So it was with me. I started a new count in 1968. There was my life before the war that prepared me for a life in the wilderness: a good life full of swamps, rivers, woods, deserts, and mountains. From 1965 to 1968, I worked as a Special Forces medic who attended to too much collateral damage—that cowardly phrase they apply to the pile of small, dismembered bodies after a botched air attack. After March 1968, I applied the anger I had built doing that to the defense of wild things, dimly realizing that the fate of the Earth and her inhabitants depended on uncompromising protection of the wilderness homeland and wild creatures. My war experiences, good and bad, prepared me for the fight; it was a gift. I learned to love grizzly bears.
I also fell in love with the Lower Sonoran Desert, a romance started in the early sixties, but broken by the separation of the war: space and endless, clean vistas unbroken by the forests I so cherished up north. By late 1968, I had two opposing mistresses: grizzly bears in the Northern Rockies and the Desert Southwest. When the bears hibernated, I hightailed it south.
___
It’s winter now and I sit in a sun-filled desert wash; a few ground flowers are blooming and the stalks of brittlebush show a rare yellow blossom. I sit several days’ walk from where Ed Abbey is buried. This Lower Sonoran Desert country is still considered a wilderness and I miss my buddies with whom I shared many of these adventures: Ed Abbey, Peter Matthiessen, Doug Tompkins, and Jim Harrison. I always dreaded the loss of wild country, so much so that I cared not to live without it. Now another threat, the beast of our time—the warming planet—has edged into the sky and every creature on Earth bigger than a field vole is at risk of decimation or extinction.

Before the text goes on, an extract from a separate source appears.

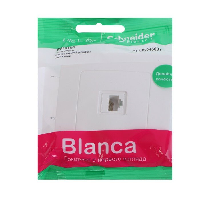 **Розетка компьютерная** серии BLANCA Systeme Electric (ранее Schneider Electric) предназначена для удобного и быстрого подключения устройств к сети Интернет. Изделие поставляется в сборе с рамкой и предназначено для скрытой установки в стену.

And there it is. Back to Abbey’s ancient quandary: What to do? Duty, textured in with the joy of living fully and loving the Earth. Except for a pledge to fight to the literal end, I never quite solved this problem. Everyone’s mortality is in the lens now and it’s not necessarily a telephoto shot.
So, I’ve spliced together some stories to fill the spaces between the infrequent books I’ve written. I’ve omitted extensive writing about the eight epic walks I took in this vast desert wilderness stretching before me. It’s the huge roadless country between Ajo and Yuma, Arizona. Or more precisely, between places like Wellton and Quitobaquito Springs in Organ Pipe Cactus National Monument. The core of the area is the Cabeza Prieta National Wildlife Refuge. I made seven of these walks from end to end and another from the I-8 freeway south to the Mexican border. Each one took ten days and covered around 140 miles, depending on the different routes I chose; I never did the same route twice. I seldom, if ever, saw a human track on any of those walks. All were solo, I carried my own water, and I found more water in the natural tanks every three days or so. You have to know where the water is out there, or you die.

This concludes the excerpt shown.